Никогда мои родные не сочувствовали мне, можно было сколько угодно рыдать и биться головой о бетонную стену непонимания, но мои физические явные и вопиющие, как я считала, изъяны оставляли их вполне равнодушными.
Более того, они могли встать на сторону злейших моих критиканов и поддержать их неконструктивные выпады в мою сторону.
Помню, когда мне было семь лет, отдыхали мы с папой в Доме творчества писателей в Дубалти. Мама осталась в Москве нянчить грудную Дашку.
И там, на рижском побережье, одна из моих приятельниц, увидев мою хилую фигурку, задрапированную желтым купальником, в восторге завопила: «О-о, глиста в скафандре!!!»
И тут мой отец, вместо того, чтобы вызвать эту нехорошую девочку на дуэль и смыть мой позор кровью, упал на песок от смеха и, дергая в воздухе сильно лохматыми ногами, стал орать еще громче моей обидчицы:
«О-о, точно! Глиста! В скафандре!»
Как я страдала! Особенно в средней школе, когда многие из моих одноклассниц начали наливаться неземной пышной красотой, наподобие зрелых дынь на бахче. А я все еще оставалась синеньким тощим заморышем. И все знакомые мальчики заканчивались где-то в районе моего пупка. И когда на биологии показывали научный фильм о флоре и фауне Земли, на кадрах о розовых фламинго мой недруг Николайчук завопил на весь класс: «Гляньте, у цаплей ноги, как у Николаевой!»

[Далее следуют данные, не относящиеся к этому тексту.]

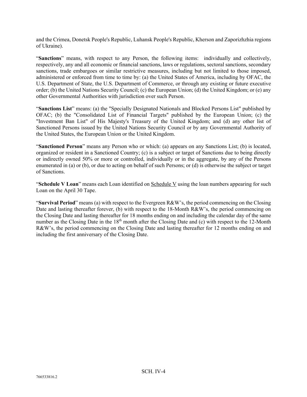 SCH. IV-4 766533816.2 and the Crimea, Donetsk People's Republic, Luhansk People's Republic, Kherson and Zaporizhzhia regions of Ukraine). “Sanctions” means, with respect to any Person, the following items: individually and collectively, respectively, any and all economic or financial sanctions, laws or regulations, sectoral sanctions, secondary sanctions, trade embargoes or similar restrictive measures, including but not limited to those imposed, administered or enforced from time to time by: (a) the United States of America, including by OFAC, the U.S. Department of State, the U.S. Department of Commerce, or through any existing or future executive order; (b) the United Nations Security Council; (c) the European Union; (d) the United Kingdom; or (e) any other Governmental Authorities with jurisdiction over such Person. “Sanctions List” means: (a) the "Specially Designated Nationals and Blocked Persons List" published by OFAC; (b) the "Consolidated List of Financial Targets" published by the European Union; (c) the "Investment Ban List" of His Majesty's Treasury of the United Kingdom; and (d) any other list of Sanctioned Persons issued by the United Nations Security Council or by any Governmental Authority of the United States, the European Union or the United Kingdom. “Sanctioned Person” means any Person who or which: (a) appears on any Sanctions List; (b) is located, organized or resident in a Sanctioned Country; (c) is a subject or target of Sanctions due to being directly or indirectly owned 50% or more or controlled, individually or in the aggregate, by any of the Persons enumerated in (a) or (b), or due to acting on behalf of such Persons; or (d) is otherwise the subject or target of Sanctions. “Schedule V Loan” means each Loan identified on Schedule V using the loan numbers appearing for such Loan on the April 30 Tape. “Survival Period” means (a) with respect to the Evergreen R&W’s, the period commencing on the Closing Date and lasting thereafter forever, (b) with respect to the 18-Month R&W’s, the period commencing on the Closing Date and lasting thereafter for 18 months ending on and including the calendar day of the same number as the Closing Date in the 18th month after the Closing Date and (c) with respect to the 12-Month R&W’s, the period commencing on the Closing Date and lasting thereafter for 12 months ending on and including the first anniversary of the Closing Date.

Даже моя любименькая школьная подруга Танька, ныне живущая в далеком далеке, недавно призналась мне, что весь третий класс размышляла, как это только мне удается передвигаться на таких тоненьких ножках?
Мой муж! Вот он – настоящий, а не проплаченный масонами эталон красоты. Если вы возьмете его за основу – тоже почувствуете себя прекрасными. Прекрасный эталон сам по себе делает и все вокруг прекрасным
Теперь я понимаю, что просто обогнала свое время. Как бы кстати эти прутики были сейчас в эпоху глобальной анорексии! Как бы я гордилась ими! Возможно, даже зарабатывала большие деньги. Но… Увы! Эти ноги остались там, в далеком прошлом, никем не понятые и неоцененные. Мои теперешние ноги устойчивы и монументальны. А-а!!! Слишком монументальны!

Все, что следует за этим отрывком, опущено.